I have never told anyone… anyone…my friend at lunch, my best friend, my closest friends, my family, no one…I have NEVER told anyone just how broken my heart is, or what I’ve exactly gone through.
You, world….you’re different, because as of right now, you’re strangers to me…no faces, no personality, you’re safe. You understand because I hope it’s so. I don’t feel like I’m risking anything by “telling all”. I have nothing to lose. But “real people”…that’s a different story.
The entire time I was going through his addiction, I told NO ONE. I justified his actions and my reactions. I made it “OK” in my head because that’s what I wanted, and sometimes needed, just to get through another day. I NEVER told anyone about the episodes when you’re crying that deep, gut-wrenching cry when someone you love so dearly dies, and you first hear about it. I NEVER told anyone that sometimes I would cry myself to sleep. I NEVER told anyone that sometimes I would pray that he would overdose and die just so I wouldn’t have to go through it anymore, and then apologize profusely and pray that it wouldn’t happen because then I’d be so guilty of his death. I NEVER told anyone that sometimes I would pray that I wouldn’t wake up, because I just couldn’t take it any more. I NEVER told ANYONE. NOONE. EVER. And if anyone caught me crying, and asked “what’s wrong”, I’d downplay it. No one really wants to hear it, right? And how could they even begin to understand? I just couldn’t take that chance. So I swallowed it. I buried it. I prayed and prayed and shoved it into the deepest, darkest, place I could find and concentrated on not dealing with the pain that was there. And became guarded. Cautious. Terrified. And I got used to “brushing it under the rug” and not dealing with it. And eventually I forgot about it. I forgot how wounded I was, how broken I was, because the pain was buried SO deep..and I convinced myself that I was fine.
And yet, here was my friend – not even a close friend, really a colleague, who somehow knew that my heart had been broken. She somehow knew my deepest darkest secret. And by her saying those words…”her broken heart”…it just RIPPED the pain out of that forgotten darkness so quickly, and out into the light that I felt like I had been impaled, for all the world to see.
And now it’s out in the open. To me.
And now to you.
I STILL won’t tell anyone I know. It’s too personal. It’s too private. If they happen to read this, I hope they understand. (especially my mother) This is NOT something that you share with anyone you know that hasn’t/isn’t going through it themselves. It just isn’t.
So now what?
I don’t know. I don’t have any answers. I’m not a professional counselor, so I can’t even take my own advice. I’m just an ordinary woman who has gone through a terrible, life changing experience, as you may have, who got so desperate for help that I created my own.
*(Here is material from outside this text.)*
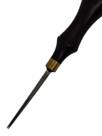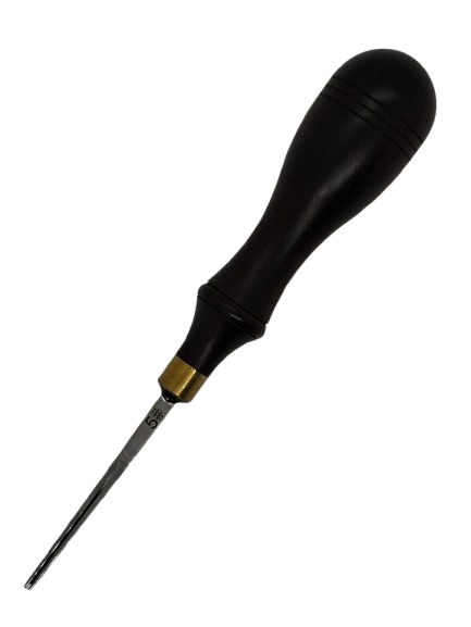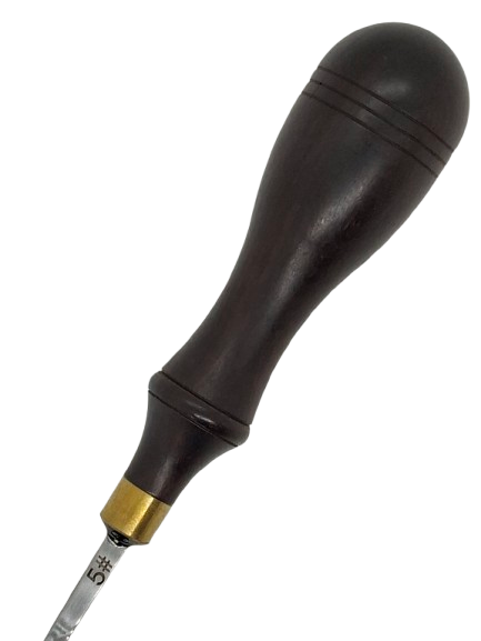 Det ergonomiskt utformade trähandtaget ger ett stabilt och bekvämt grepp som gör det möjligt att arbeta kontrollerat även i tuffare material. Den noggrant slipade ståldelen skär effektivt bort mer material och formar en tydlig, jämn avrundning längs lädrets kant. Mässingsringen mellan handtag och blad förstärker konstruktionen och ger en gedigen kvalitetskänsla.

But I DO know (for myself) that I don’t want to bury the pain and grief anymore. I don’t want to hold onto it anymore. I want to get rid of it. And unfortunately, the ONLY way to do that is to deal with it. Talking about it. Feeling it. Grieving the loss of me, as I used to be. And it’s going to hurt. A LOT. But when I do get rid of it, it will be GONE. And I’ll probably be open to new pain. but at least then there will be room for it, and I’ll be able to deal with it when it comes, like I used to be able to do. Dealing with layers and layers is SO much harder than one layer at a time when it comes.
I’m still trying to find my new “normal”. And I have a sneaky suspicion that I won’t be able to fully do that unless I deal with this first.
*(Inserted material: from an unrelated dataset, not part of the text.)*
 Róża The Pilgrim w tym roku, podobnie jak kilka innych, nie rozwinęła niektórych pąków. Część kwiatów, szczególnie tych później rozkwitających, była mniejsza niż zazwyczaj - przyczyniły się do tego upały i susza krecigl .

So….on our very first support group meeting, on Saturday, March 28th from 9-11 am, I am going to do just that…open up and tell my story. Share my grief. Spill my guts. Roar with anger. Groan with guilt. Sob until I can’t stand anymore. I will be vulnerable and tell all. The good, the bad, and the very very ugly. And I will being to heal…and I pray that others will begin to heal with me.